Stored items from a collection:
※ ※ ※

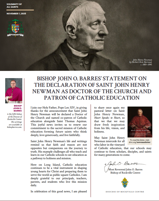 Bishop Barres’ Statement on St. John Henry Newman
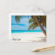 Anyone would love to receive this tropical travel postcard featuring a beautiful photo of a palm tree, the beach and the ocean in the town of San Pedro in Ambergris Caye, Belise!
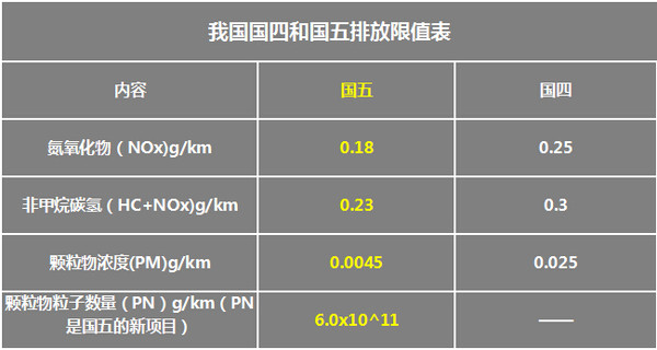 國(guó)五排放標(biāo)準(zhǔn)相比國(guó)四排放標(biāo)準(zhǔn),氮氧化物(NOx)排放降低了28%,碳?xì)浠衔锖偷趸铮℉C+NOx)總和指標(biāo)降低了23%,而對(duì)于柴油車的顆粒物濃度(PM)降低了82%,還有新增的顆粒物粒子數(shù)量(PN)檢測(cè)也是沖著柴油車來(lái)的,PN標(biāo)準(zhǔn)只對(duì)柴油車檢測(cè)。
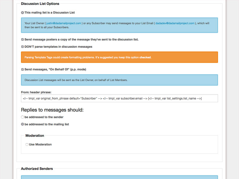 Want to run a group discussion mailing list? Dada Mail comes with Bridge, which allows you to receive messages via email, as well as allow to set up a discussion list.
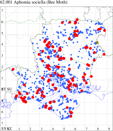 For the maps, all records prior to 2024 are shown by a blue dot (the larger the dot, the more recent), with the current year's records shown in red. As previous records are superimposed on any report for 2024, new sites have greater emphasis (i.e. will show as 'more red').
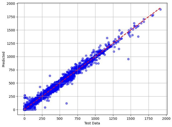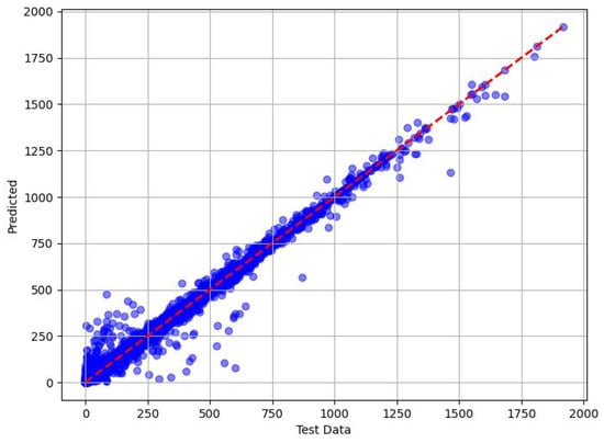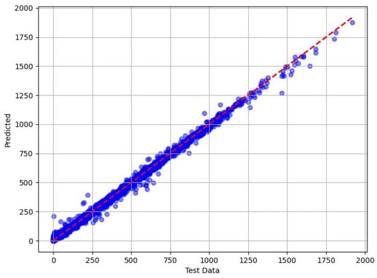 The scatter plots in Figure 7, Figure 8, Figure 9 and Figure 10 show the correlation between the measured methanol quantities and the predicted values from the XGBoost, RF, DT, and KNN models for gas pipeline samples. The XGBoost model exhibited exceptional predictive performance for determining the minimum methanol quantity required for hydrate inhibition. During the training phase, it achieved a mean absolute error (MAE) of 0.3693, indicating an average prediction error of just 0.3693 units compared with the actual methanol quantities in the training dataset. This low MAE underscored XGBoost’s ability to closely fit the training data. In the testing phase, the MAE slightly increased to 0.943, reflecting a modest rise in prediction errors when applied to unseen data, yet still demonstrating high accuracy. The RMSE further supported this with values of 0.6023 (training) and 2.066 (testing), indicating that larger errors, while present, remained minimal and manageable. The adj. R2 metric, which measured the proportion of variance in the target variable explained by the input features, was 0.999 for both the training and testing phases. This near-perfect score suggests that XGBoost captured 99.9% of the variability in methanol requirements, reflecting its robust fit with the training data and excellent generalization to the test set. These results highlight XGBoost’s superior reliability and precision in predicting methanol quantities across diverse pipeline conditions.

※ ※ ※

TASK STATEMENT:
Would you set down only the lines above from the line with "國(guó)五排放標(biā" to the line with "For the maps, all", both included, exactly as they stand and without the pictures?

RESULT OF THIS EXERCISE:
 國(guó)五排放標(biāo)準(zhǔn)相比國(guó)四排放標(biāo)準(zhǔn),氮氧化物(NOx)排放降低了28%,碳?xì)浠衔锖偷趸铮℉C+NOx)總和指標(biāo)降低了23%,而對(duì)于柴油車的顆粒物濃度(PM)降低了82%,還有新增的顆粒物粒子數(shù)量(PN)檢測(cè)也是沖著柴油車來(lái)的,PN標(biāo)準(zhǔn)只對(duì)柴油車檢測(cè)。
 Want to run a group discussion mailing list? Dada Mail comes with Bridge, which allows you to receive messages via email, as well as allow to set up a discussion list.
 For the maps, all records prior to 2024 are shown by a blue dot (the larger the dot, the more recent), with the current year's records shown in red. As previous records are superimposed on any report for 2024, new sites have greater emphasis (i.e. will show as 'more red').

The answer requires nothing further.